With Sculley was Jay Coburn, who had organized the evacuation, and then, on December 22, had come home to spend Christmas with his family. Coburn had been about to go back to Tehran when he got the news that Paul and Bill had been arrested, so he had stayed in Dallas and organized the second evacuation. A placid, stocky man, Coburn was thirty-two but looked forty: the reason, Perot believed, was that Coburn had lived eight years in one as a combat helicopter pilot in Vietnam. For all that, Coburn smiled a lot--a slow smile that began as a twinkle in his eye and often ended in a shoulder-shaking belly laugh.
Perot liked and trusted both men. They were what he called eagles: high-fliers, who used their initiative, got the job done, gave him results not excuses. The motto of EDS's recruiters was: Eagles Don't Flock--You Have to Find Them One at a Time.

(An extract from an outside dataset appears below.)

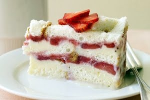 Line the bottom of a 9-inch round springform pan with one third of the cake slices, cutting any slices to fit the shape of the pan. Top with half the frozen yogurt, spreading it to the sides. Spread 2/3 cup strawberry sauce over the frozen yogurt, then top with half the remaining cake slices, again cutting any to fit. Spread the remainder of the frozen yogurt over the cake, top with 2/3 cup strawberry sauce, and finally seal the top with the remaining cake slices. Cover with plastic wrap and freeze at least 6 hours or up to 3 days. Let the cake stand at room temperature 10 minutes before unmolding. Slice into 12 pieces and serve. Yields 1 piece per serving.

One of the secrets of Perot's business success was his policy of going looking for men like this, rather than waiting and hoping they would apply for a job.
Perot said to Sculley: "Do you think we're doing everything we need to do for Paul and Bill?"
Sculley responded without hesitation. "No, I don't."
Perot nodded. These young men were never afraid to speak out to the boss: that was one of the things that made them eagles. "What do you think we ought to do?"
"We ought to break them out," Sculley said. "I know it sounds strange, but I really think that if we don't, they have a good chance of getting killed in there."
Perot did not think it sounded strange: that fear had been at the back of his mind for three days. "I'm thinking of the same thing." He saw surprise on Sculley's face. "I want you two to put together a list of EDS people who could help do it. We'll need men who know Tehran, have some military experience--preferably in Special Forces--type action--and are one hundred percent trustworthy and loyal."